As we begin 2015, banks and other financial institutions could be forgiven if they feel a sense of ‘regulatory fatigue’. This is understandable as it is now clear that regulation is here to stay for the foreseeable future.

A new year always provides us with an opportunity to set new goals, challenges and resolutions. Perhaps the start of 2015 is the perfect time for firms to recharge their batteries, re-evaluate the regulatory landscape and begin to embrace and accept regulation as the ‘new normal’.

Looking back at 2014, we saw the introduction of The European Market Infrastructure Regulation (EMIR). The reporting requirements for collateral reporting, delegated reporting, clearing and product standardisation have and will continue to be a challenge for firms.
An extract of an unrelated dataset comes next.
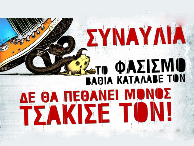 Η Οργάνωση Περιοχής Αττικής της ΚΝΕ διοργανώνει αντιφασιστική συναυλία στο Περιστέρι, την Παρασκευή 20 Ιούνη, στις 20.00, στην πλατεία Δημαρχείου, με τους Afaza, Μέγα, Φώτη Ανδρικόπουλο και με μαθητικά-νεανικά συγκροτήματα.

Greater consensus is required on reporting standards and firms will be looking towards the European Securities and Markets Authority (ESMA) for greater guidance and support in 2015.

As a consequence of EMIR, we are likely to see some realignment within the OTC derivatives market. Compliance comes at a high financial cost for firms. Many have found it difficult to justify the required investment for new systems and processes and have struggled to find ways to keep business lines profitable.

The future will mean more firms making the difficult decision to withdraw from those markets which have become unprofitable for them, or where they cannot justify the level of investment.

The demands of reporting and the effective management of data will continue to be important as firms look to embrace the 14 principles mandated by BCBS239. Critics argue that BCBS239 is not prescriptive enough, however there are pros and cons to the directive not having specific requirements.

Firms can view it as yet another ‘box ticking’ exercise, but there is also an opportunity to make significant and long lasting improvements to the governance and structure of many financial institutions. The question is will those who are affected embrace this opportunity?

Following hard on the heels of BCBS239, 2015 will also see the growing importance of BCBS261. This directive which relates to non-centrally cleared derivatives will see many firms having to divert investment and resources to build new front-to-back processes and settlement mechanisms for initial margin on uncleared derivatives.

The European Parliament’s adoption of MiFid II and MiFIR in April 2014 was a significant landmark. The scale of the legislation and the challenge of EU member states protecting their own interests mean some firms view the directive as extremely difficult to implement.

In May 2014 ESMA published its discussion and consultation papers on proposals for regulatory technical standards and how to implement them. In 2015 we can expect further discussion and publications from ESMA as the standards are finalised.

The priority for firms should be to remain up-to-date and engage with the policy-making process, as well as continue developing strategies and plans ahead of the MiFID II 2017 deadline.

In the UK, it is now more than four years since the Independent Commission on Banking (ICB) report, led by Sir John Vickers, was completed in September 2011. The report recommended that banks ‘ringfence’ their retail and investment banking activities, creating a clear divide between them and ensuring that retail banks are protected from the potential risks of investment banking.

As we anticipated, the report is back on the agenda for the UK’s major banks. They have been asked to submit their proposals to The Bank of England, setting out how they intend to insulate their retail operations from their investment banking activities. The Bank of England started work scrutinising these plans during the first week of 2015, and we look forward to the seeing the outcome.

Although UK banks still have until 2019 to implement the reforms, the scale of such structural change and the costs involved mean firms are under increased pressure to satisfy The Bank of England’s demands and demonstrate how they will comply with by the deadline.

If 2014 taught us anything, it’s that regulation can now be considered to be the ‘new normal’ and it isn’t going away. To be successful in this environment, firms need to be open minded, flexible and agile about the future. Not every firm will want or be able to do this – for those that do, the coming year presents a number of opportunities.

So a Happy New Year to everyone; 2015 will prove to be both a challenging but exciting year, as the focus on regulation continues.